Task
Transcribe the entries below word for word, beginning at the line with "Aimo Park Sweden" and stopping after the line with "ソウル特別市 鍾路区(チョン"; drop all pictures.

Study material
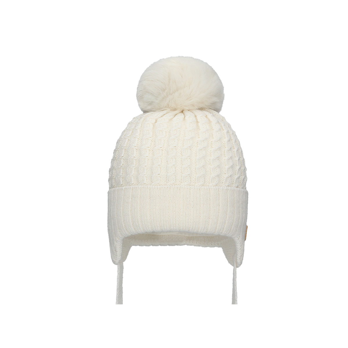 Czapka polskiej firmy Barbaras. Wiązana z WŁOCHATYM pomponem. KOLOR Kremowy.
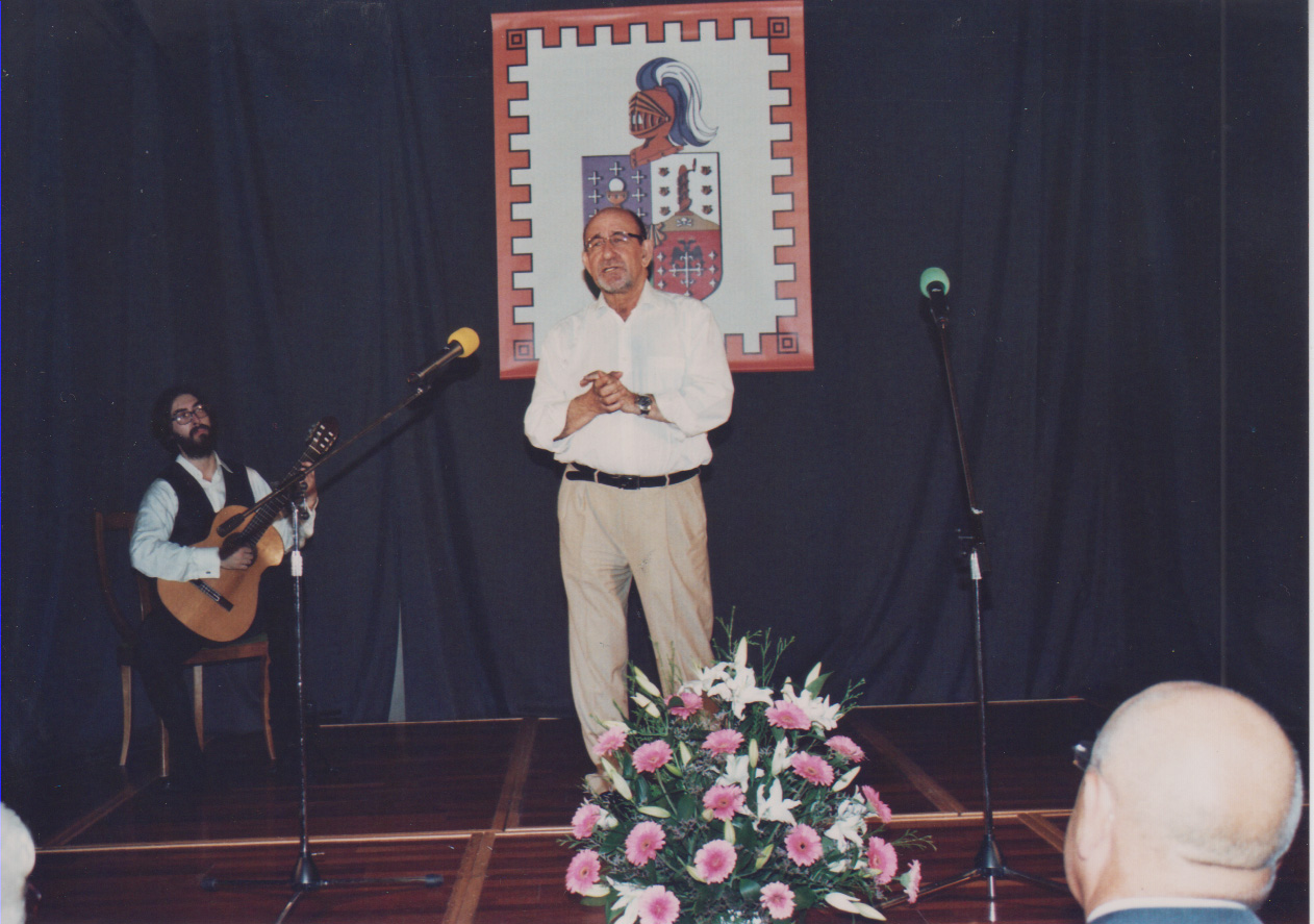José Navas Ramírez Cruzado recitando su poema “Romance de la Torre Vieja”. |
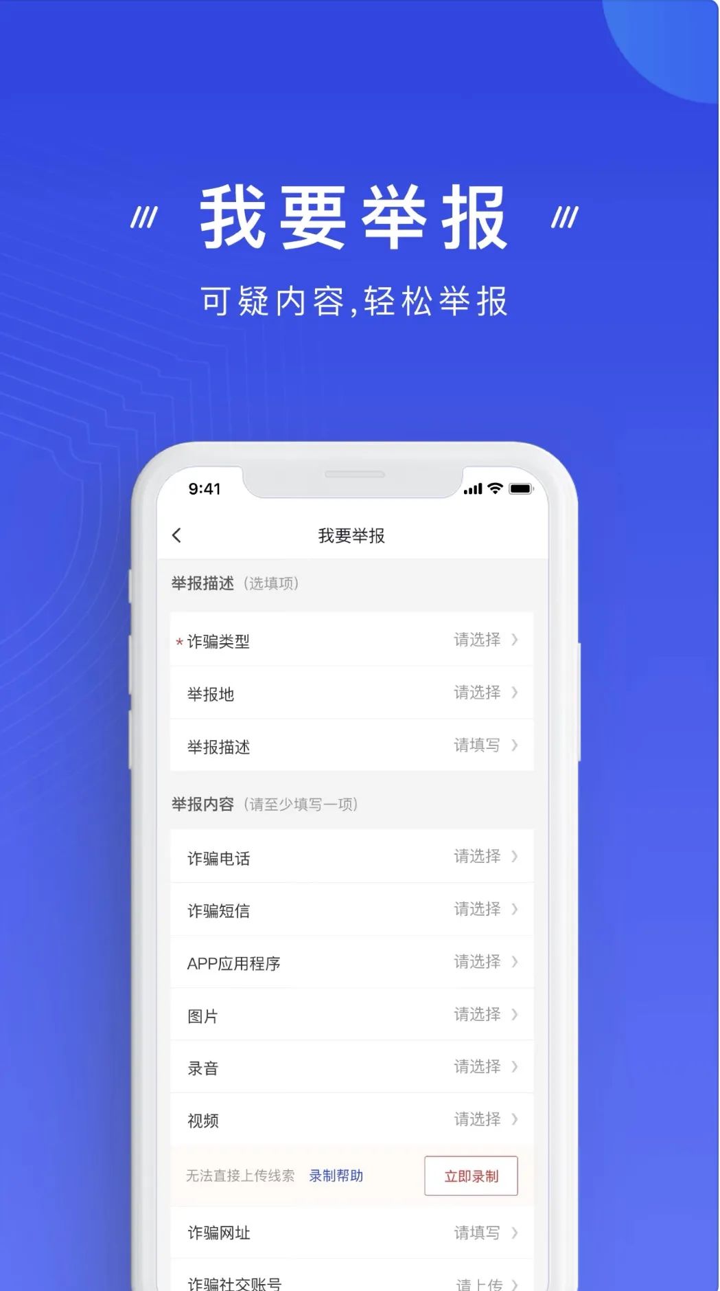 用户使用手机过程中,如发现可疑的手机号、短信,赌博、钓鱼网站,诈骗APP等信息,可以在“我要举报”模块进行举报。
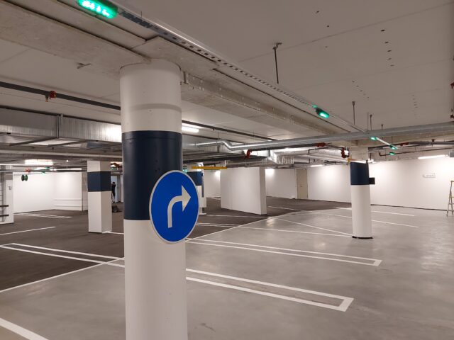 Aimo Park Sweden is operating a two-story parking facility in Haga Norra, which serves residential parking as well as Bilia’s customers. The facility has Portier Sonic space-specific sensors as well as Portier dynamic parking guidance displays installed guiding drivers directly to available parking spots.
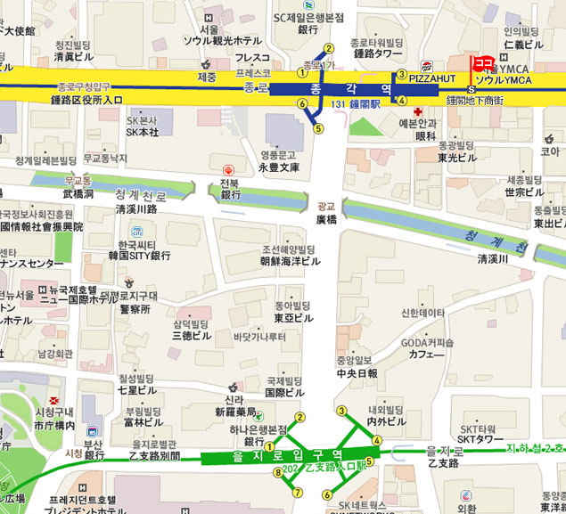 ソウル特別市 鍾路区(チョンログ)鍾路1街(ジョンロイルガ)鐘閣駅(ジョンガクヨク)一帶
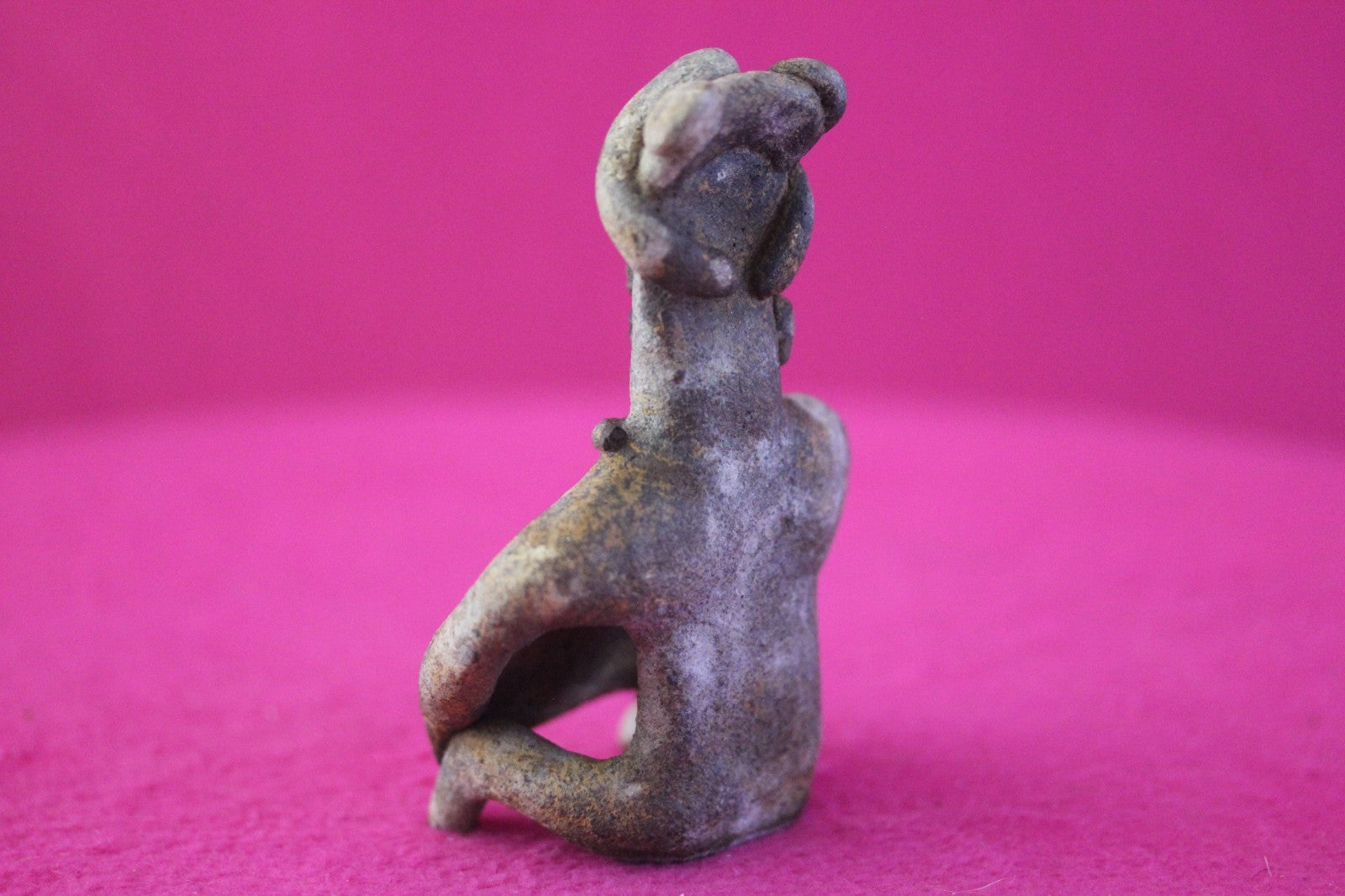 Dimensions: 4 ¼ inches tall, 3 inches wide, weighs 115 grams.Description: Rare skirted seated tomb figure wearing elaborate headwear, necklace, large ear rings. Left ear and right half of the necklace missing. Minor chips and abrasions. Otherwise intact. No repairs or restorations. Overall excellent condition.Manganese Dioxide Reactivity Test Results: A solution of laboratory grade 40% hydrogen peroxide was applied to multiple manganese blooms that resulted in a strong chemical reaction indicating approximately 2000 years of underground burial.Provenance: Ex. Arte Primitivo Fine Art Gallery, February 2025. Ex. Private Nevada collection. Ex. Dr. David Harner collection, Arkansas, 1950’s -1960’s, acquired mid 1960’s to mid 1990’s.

Answer section
 Aimo Park Sweden is operating a two-story parking facility in Haga Norra, which serves residential parking as well as Bilia’s customers. The facility has Portier Sonic space-specific sensors as well as Portier dynamic parking guidance displays installed guiding drivers directly to available parking spots.
 ソウル特別市 鍾路区(チョンログ)鍾路1街(ジョンロイルガ)鐘閣駅(ジョンガクヨク)一帶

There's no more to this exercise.